Ramadan Mubarak, dünyanın farklı coğrafyalarında Ramazan üzerine kaleme alınmış mektupların bir araya getirildiği; okurunu, Endonezya'dan Filipinler'e, Arjantin'den Bangladeş'e her kıtadan 30 ülkede yaşayan Müslümanların ortak Ramazan tecrübesine şahit kılan bir çalışma. Yalnızca Ramazan'ı değil, mektupların geldiği ülkelerdeki gündelik yaşamın en ince detaylarından süzülen gelenek-görenekleri, kültürel mirası, yeme-içme alışkanlıklarını, sofra adaplarını zengin birikimleriyle ele alan bu kitapta kimi zaman bir sofraya konuk olacak, kimi zaman yaşam şartlarının olumsuzluklarını Ramazan ayının iklimiyle göğsünde yumuşatanlarla bağ kuracaksınız. Kâh Kanadalı Müslümanlarla teravih namazında yan yana gelecek kâh İsveç'te bir mühtedinin yirmi saat nasıl oruç tuttuğuna ya da Arjantin'de bir Katoliğin Ramazan'a duyduğu özleme tanık olacaksınız. Türkiye'de sahur vaktinde duyulan davul sesinin, yerini bazı ülkelerde siren seslerinin ya da anonsların alışına şaşırıp Endonezya, Ürdün gibi ülkelerde okul ve iş saatlerinin Ramazan ayına göre nasıl düzenlendiğini okuyacaksınız.

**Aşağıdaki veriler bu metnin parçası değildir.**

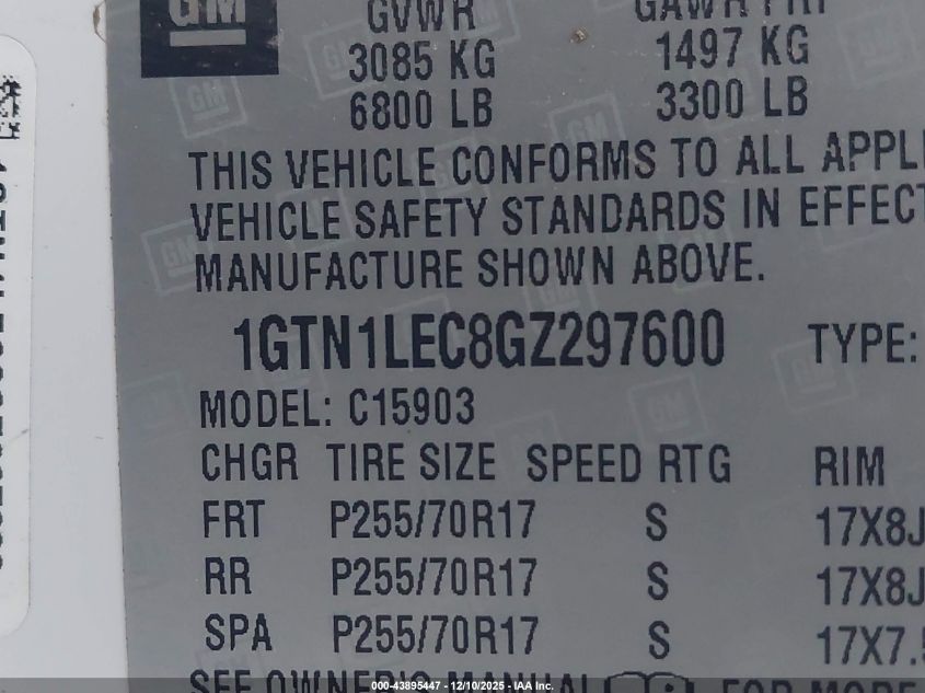 Цвет БелыйЦилиндры 8VIN 1GTN1LEC8GZ297600Состояние СтационарноПовреждения Правая сторона

Bazen birbirinden oldukça farklı âdetleri aktaran bu mektuplar; iftarların, sahurların, teravihlerin, bayrama ulaşmanın yaşattığı sevinç, özlem ve mutlulukta Müslümanlara kardeşliklerini hatırlatırken onların kültürel çeşitlilikleriyle bir ipe tutunmalarını sağlayan ortak hikâyelerini gözler önüne seriyor.